AK PARTİ TÜRKİYE SİYASETİNE NE KATTI?

1977 doğumluyum. 80’li yılları yaşayarak 80 öncesini de okuyarak tecrübe ettim. Medeniyetimiz boyunca milad kabul edilen birçok dönüm noktalarımız olmuştur. Bunların en sonuncusu ve ilerleyen zamanlarda tarih kitaplarına geçeceğine inandığım 3 Kasım 2002 seçimleridir. Bu tarih milletimizin vesayetten kurtulup yönetilenler ve ikinci sınıf insanlar topluluğundan çıkıp ülkeyi yöneten, figüran değil aktör olan, inancının gereklerini yerine getirmek istemesinden dolayı dışlanmayan, gerek sosyal gerekse ekonomik alanda önünün açıldığı sadece kendi kendine değil diğer devletlerinde ülkemize saygısının arttığı bir tarih olmuştur.

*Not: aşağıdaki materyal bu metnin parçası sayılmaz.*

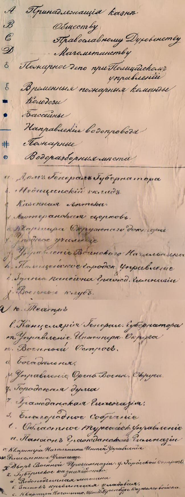 Масштаб 50 саженей в дюйме. Показан водопровод и пожарная инфраструктура города: пожарное депо при полицейском управлении, временные пожарные команды, колодцы, бассейны, указано направление водопровода и водозаборные места.
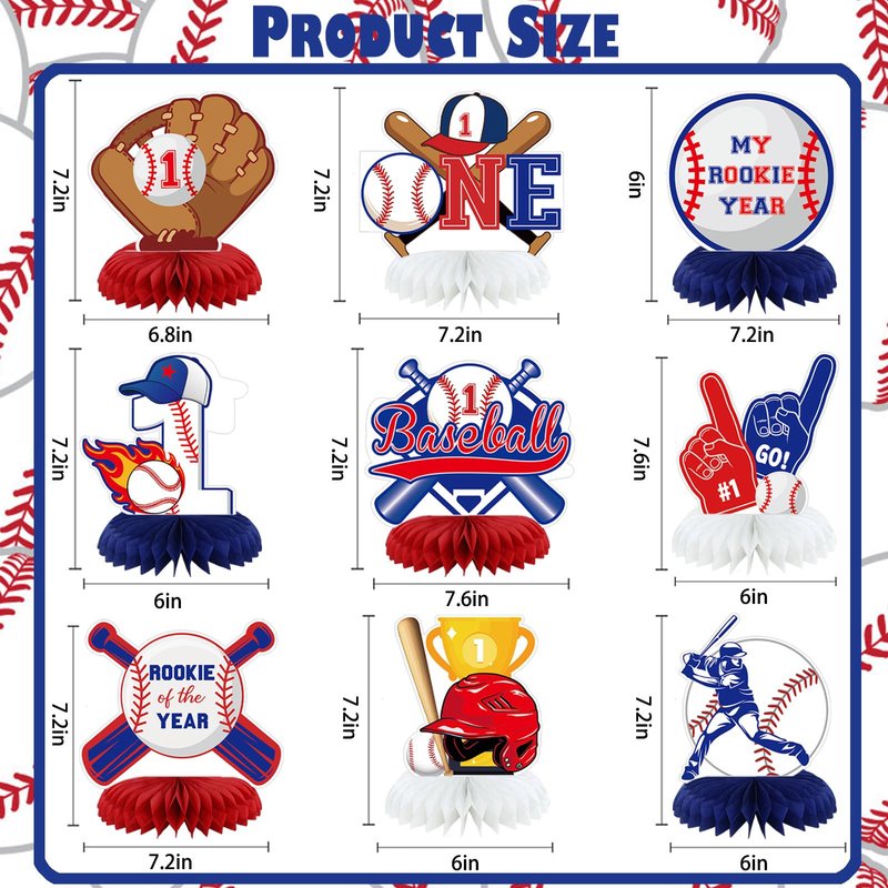 - Rookie of The Year Party Decor: Included 9 pcs baseball party decorations with different 3D double-sided pattern designs, 9 pcs baseball themed honeycomb stickers set.
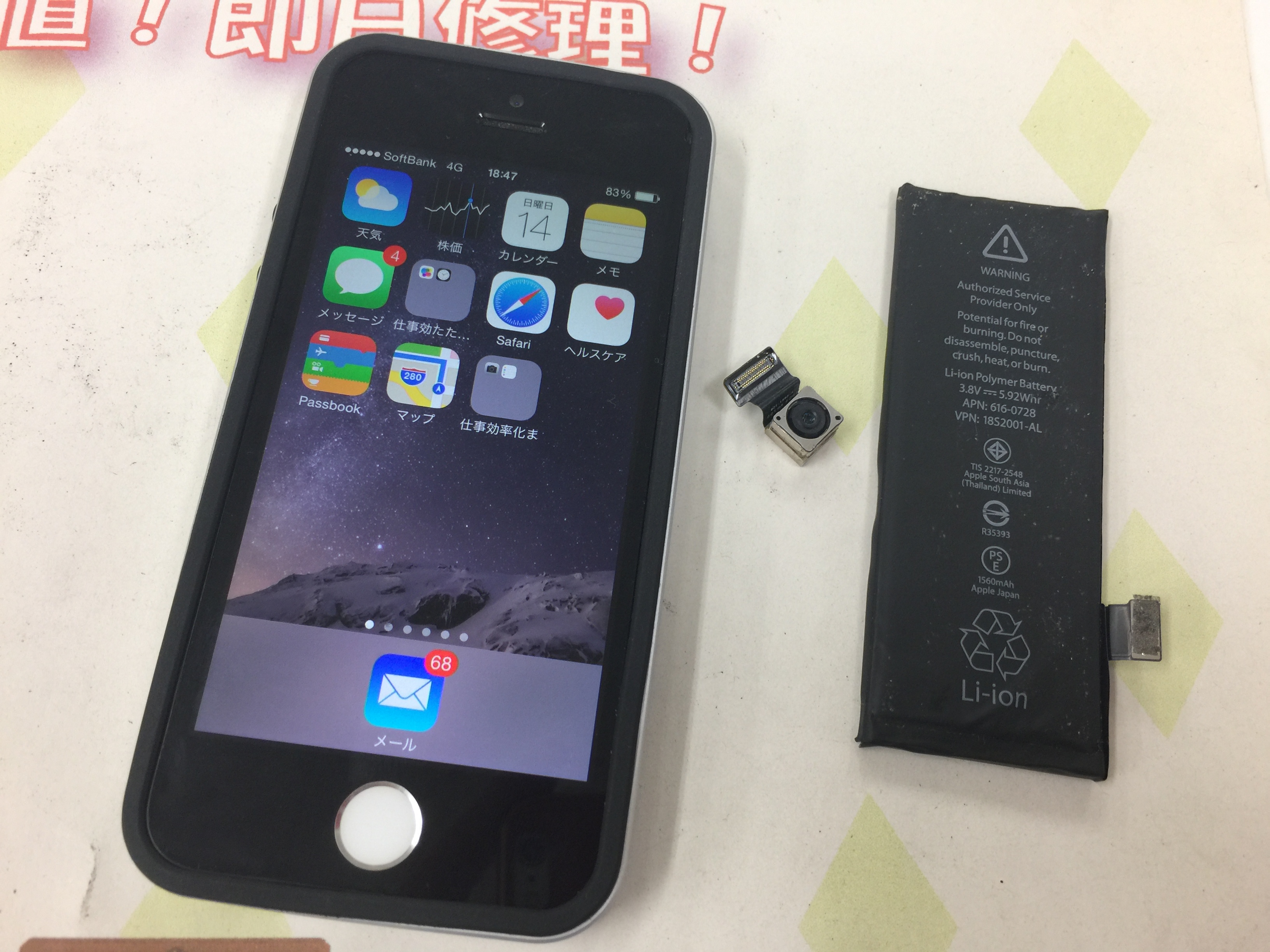 ◆明石市よりiPhone5s バッテリー交換、アウトカメラ、バックガラス修理 -2017 5/14-
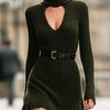 ElevenOra Stylish Glitter Turtleneck Keyhole Cutout Belted Long Sleeve Ruffled Hem Knit Mini Dress
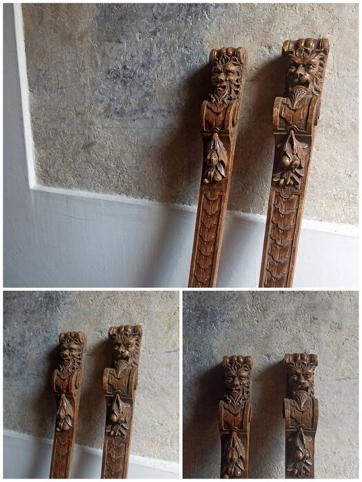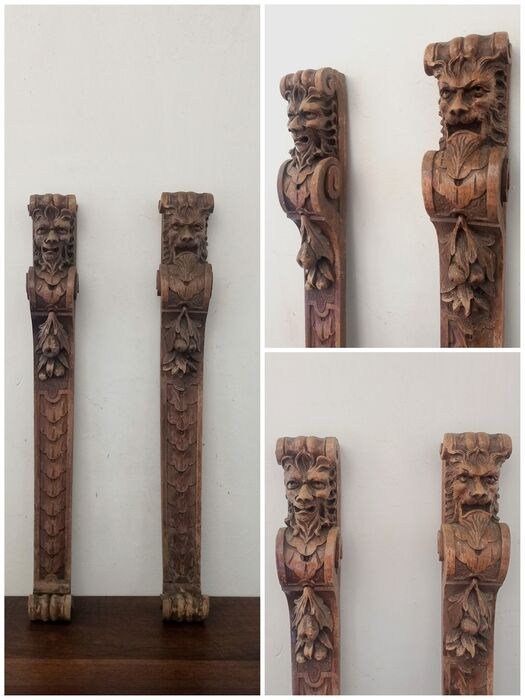 Paar pilasters met saters/demonen, oorspronkelijk onderdeel van een meubel
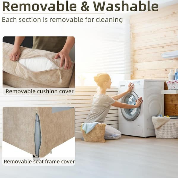 Oversized 134 in. Square Arm Chenille Lawson Modular Sofa with Ottoman and Detachable Coves in. Khaki

Ak parti siyaseti konuşan değil icraat yapan bir siyaset olmuştur. Siyasetteki jargon ve argümanları ters düz etmiştir. 70’li ve 80’li yıllarda solcuların sosyal adalet sistemi dedikleri şeyi Ak parti 2000’li yıllarda devrim niteliğinde ki icraatlarıyla uygulamaya geçirmiş ve insanı ön plana çıkarmıştır. Ak parti Türkiye siyasetine 77 milyonu katmıştır.

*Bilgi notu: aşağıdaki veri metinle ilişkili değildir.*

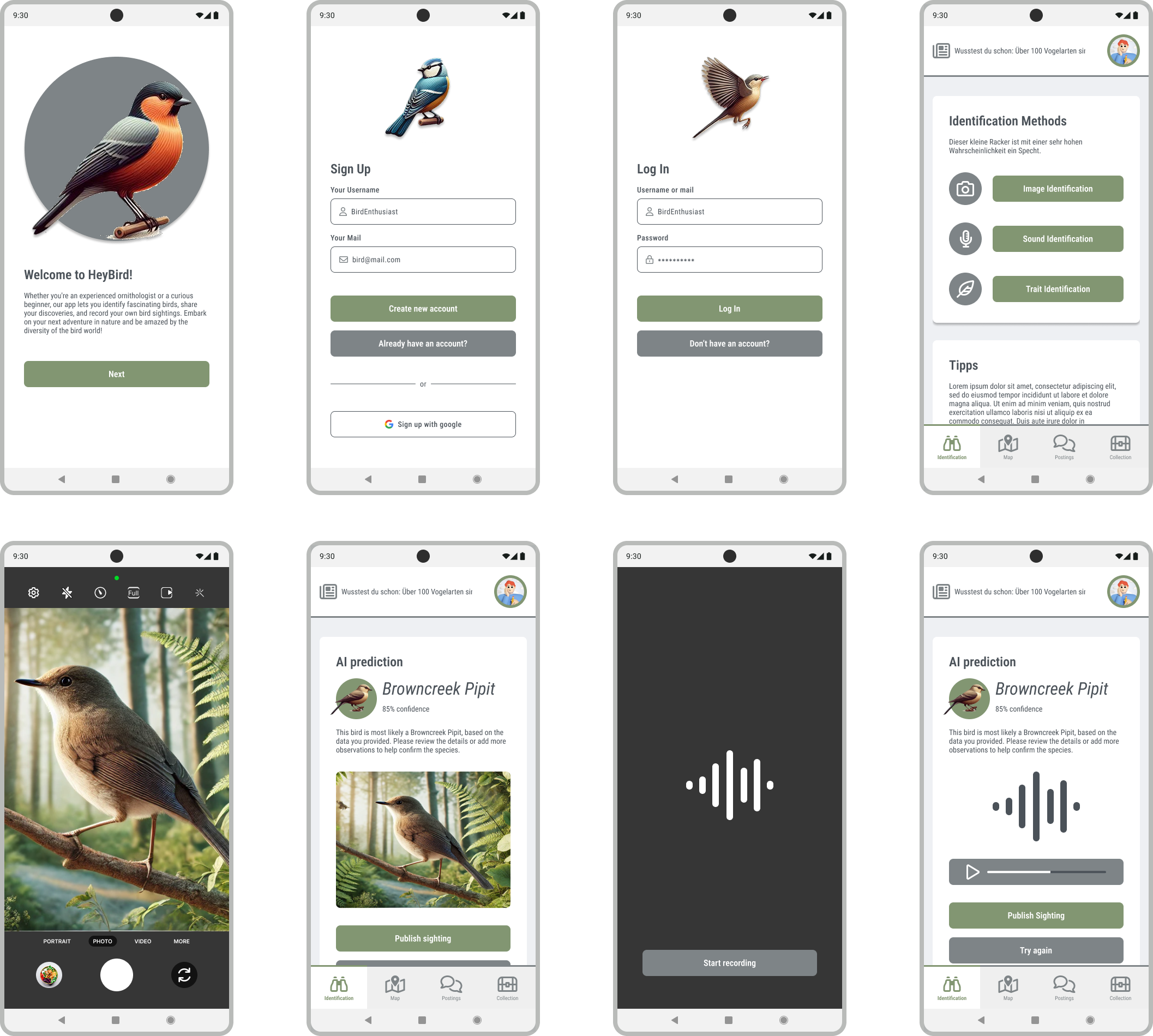 Hey Bird! is a concept for a bird watching app designed to meet the full range of needs of birdwatching enthusiasts. The project was developed during a module in my semester abroad and followed a user-centered design process. Throughout the course, I conducted target audience research, created user personas and user stories, carried out interviews, and designed a detailed prototype in Figma.
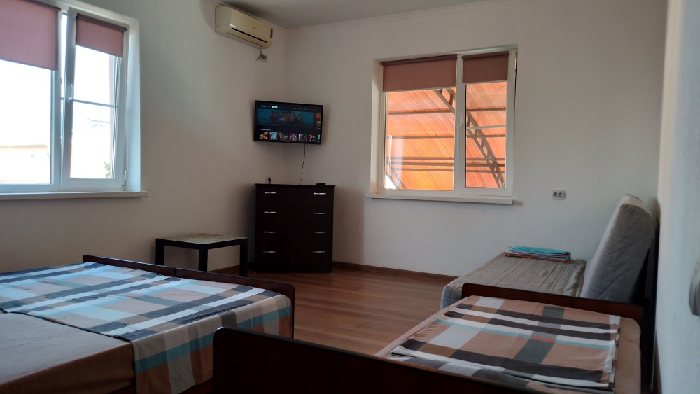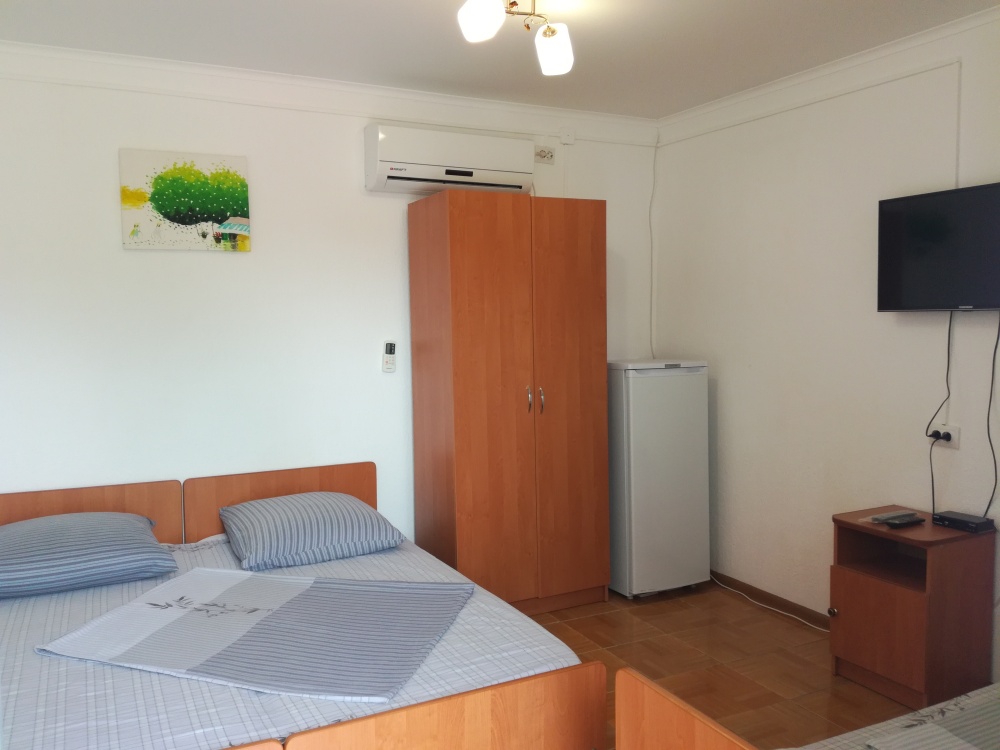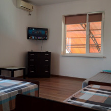 В номерах: односпальные и двуспальные кровати, двухстворчатый шкаф, тумбочка, холодильник, телевизор с плоским экраном Smart TV, сплит-система, комод, столик. На окнах москитные сетки, бесплатный Wi-Fi. При необходимости, бесплатно предоставляется детская кроватка и стульчик для кормления малышей. Смена постельного белья, полотенец и уборка номера, производится по требованию. В каждом номере санузел.
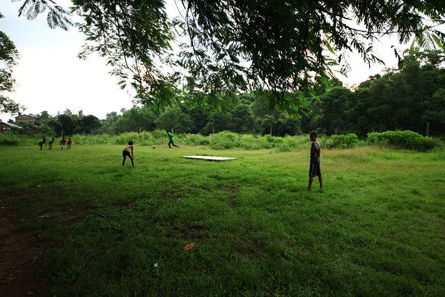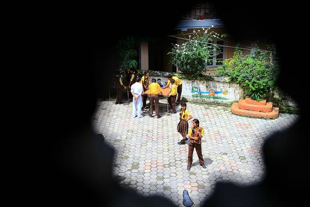 我们住的酒店和当地一所小学只有一墙之隔,透过墙上的镂空花纹可以看到他们在上体育课

ULAŞIM ALANINDA BÖLGENİN İHTİYAÇLARI YETERİ KADAR KARŞILIK BULDUMU?

‘Yol medeniyettir’ derler gerçekten çok doğru bir laf. Kahramanmaraş güney ve kuzey ilçeleriyle birlikte maalesef coğrafik konumu nedeniyle ana ulaşım hatları dışında kalmaktadır. Bu sebeple yeterince girişimci ve sermayeye ve kültürel, tarihi ve turistik miraslara sahip olmasına rağmen hak ettiği konumda değildir. Diğer taraftan özellikle kuzey ilçelerimizi Kahramanmaraş şehir merkezine bağlayan yollarımızda da problem var. Uzun yıllardan beri Göksun- Kahramanmaraş arasında yol çalışmaları devam etmekte. Kahramanmaraşlılar haklı olarak Türkiye’nin birçok yerinde yol çalışmalarının hızlı bir şekilde bitirilmesine karşılık bu yolun bu kadar uzamasına sitem etmekteler. Ama maalesef yolun geçtiği coğrafik yapının jeolojik durumundan dolayı proje birçok kez tadilat gördü ve yapılan işlerde hem bir geriye dönüş hem de bürokratik işlerden dolayı süre uzamaları yaşandı.   Nihayetin de yapımına başlanan tüneller ve viyadüklerle birlikte inşallah çok kısa bir zaman zarfında Göksun- Kahramanmaraş duble yolunun tamamlanacağını ümit ediyoruz. Buna ilaveten Elbistan-Afşin-Göksun arasının da acilen duble yol ile tünellere bağlanması lazım. Diğer taraftan son günlerde kuzey bölgenin en büyük ilçesinin kısık yolu üzerinden Kahramanmaraş’a bağlanması konuşulmakta. Bu projenin de bölgeye ve yol güzergâhındaki yerlere büyük katkılar sağlayacağına inanıyorum.

YEREL SEÇİMLERİN ARDINDAN CUMHURBAŞKANLIĞI SEÇİMLERİ SİZCE NASIL GEÇTİ?

En güzeli şu ki Türkiye genelinde olduğu gibi bölgemizde de artık çok gergin bir siyaset anlayışı yok. Özellikle diğer siyasi partilerin tabanlarında karşılığı olmayan ortak bir aday çıkarmaları karşı seçmenin sandığa olan ilgisini düşürdü. Neticede 13 yıl boyunca milletine hizmet eden ve herkesin güvenini kazanan bir lider için ilk turda seçim kazanmak çokta sürpriz olmadı.

BÖLGEDE ERDOĞANIN CUMHURBAŞKANLIĞINA ÇIKMASINDAN SONRA YENİ HÜKÜMETE İNSANLARIN BAKIŞ AÇISI NASIL?

Ak parti kurulduğu günden itibaren bir kadro hareketi olduğunu defalarca deklare etmiştir. Türkiye siyasetinde pek görülmemiş bir kurumsal kimliğe sahiptir. Cumhurbaşkanlığı seçimleri sonrasında yapılan olağanüstü kongrede tek adayın çıkması ve delegenin tamamının oyunu alarak Sn. Ahmet Davutoğlu’nun genel başkanlığa seçilmesi bunun en büyük göstergesi olmuştur. Gerek teşkilatlar açısından gerekse bölgemizde yaşayan insanlar açısından Sn. Başbakanımıza güveni tamdır. Önemli olan şahıslar değil millete hizmetin devamıdır. Önümüzdeki genel seçimlerde Ak partinin oyunu düşürmeden yoluna devam etmesi vatandaşın güveninin ispatı olacaktır.